Of course, if you have this index, and you're adding rows to the table (at the end, since that's how our conceptual table works), you need to update the index each and every time. So you do a little more work while you're writing new rows, but you save a ton of time when you're searching for something.

So, in general, indexing creates a tradeoff between read efficiency and write efficiency. With no indexes, inserts can be very fast -- the database engine just adds a row to the table. As you add indexes, the engine must update each index while performing the insert.

On the other hand, reads become a lot faster.

Hopefully that covers your first two questions (as others have answered -- you need to find the right balance).

Your third scenario is a little more complicated. If you're using LIKE, indexing engines will typically help with your read speed up to the first "%". In other words, if you're SELECTing WHERE column LIKE 'foo%bar%', the database will use the index to find all the rows where column starts with "foo", and then need to scan that intermediate rowset to find the subset that contains "bar". SELECT ... WHERE column LIKE '%bar%' can't use the index. I hope you can see why.

Finally, you need to start thinking about indexes on more than one column. The concept is the same, and behaves similarly to the LIKE stuff -- essentially, if you have an index on (a,b,c), the engine will continue using the index from left to right as best it can. So a search on column a might use the (a,b,c) index, as would one on (a,b). However, the engine would need to do a full table scan if you were searching WHERE b=5 AND c=1)

Hopefully this helps shed a little light, but I must reiterate that you're best off spending a few hours digging around for good articles that explain these things in depth. It's also a good idea to read your particular database server's documentation.
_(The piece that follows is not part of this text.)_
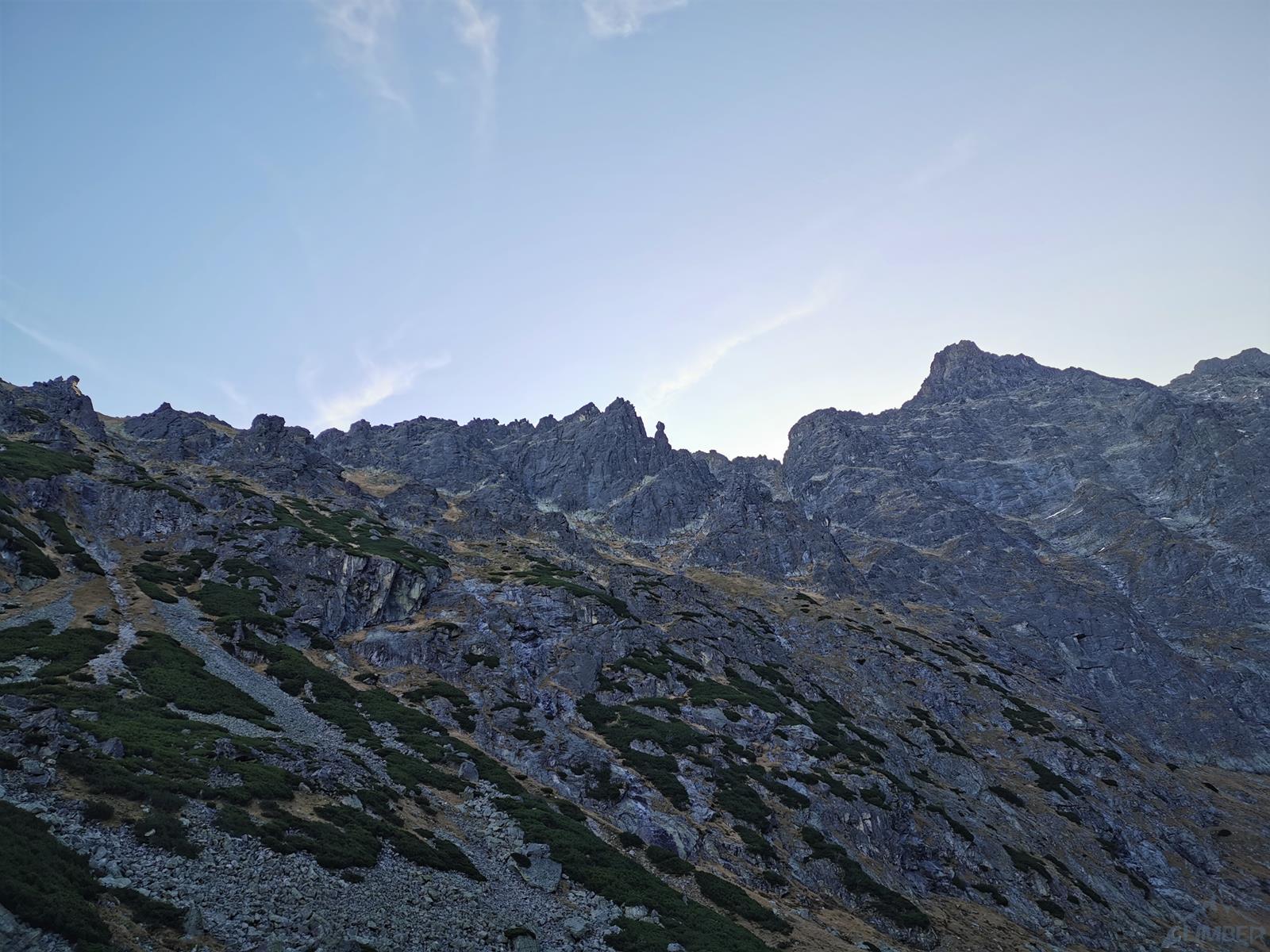 Warunki wspinaczkowe oraz pogoda w Tatrach nadal świetne, powstaje więc intensywny plan by w sobotę spróbować wejść w ścianę Kazalnicy z Anią, a już w niedzielę wspinać się na Kieżmarskim z Mateuszem. Niestety gdy pierwszego dnia rano stajemy pod Zerwą, odczuwalna temperatura wynosi poniżej zera. Po odczekaniu godzinę (nadal zimno) zasmuceni odpuszczamy zacienioną, północną ścianę i Żlebem Żabiej Przełęczy Wyżniej podchodzimy pod Żabiego Mnicha. Pod zachodnią ścianą nie ma jeszcze Słońca, na rozgrzewkę postanawiamy więc wyjść granią na Żabią Lalkę, na której jeszcze nie byliśmy.

The way indices are implemented and used by query planners can vary pretty widely.


Check out presentations like More Mastering the Art of Indexing.

Update 12/2012: I have posted a new presentation of mine: How to Design Indexes, Really. I presented this in October 2012 at ZendCon in Santa Clara, and in December 2012 at Percona Live London.

Designing the best indexes is a process that has to match the queries you run in your app.

It's hard to recommend any general-purpose rules about which columns are best to index, or whether you should index all columns, no columns, which indexes should span multiple columns, etc. It depends on the queries you need to run.

Yes, there is some overhead so you shouldn't create indexes needlessly. But you should create the indexes that give benefit to the queries you need to run quickly. The overhead of an index is usually far outweighed by its benefit.

For a column that is VARCHAR(2500), you probably want to use a FULLTEXT index or a prefix index:

CREATE INDEX i ON SomeTable(longVarchar(100));

Note that a conventional index can't help if you're searching for words that may be in the middle of that long varchar. For that, use a fulltext index.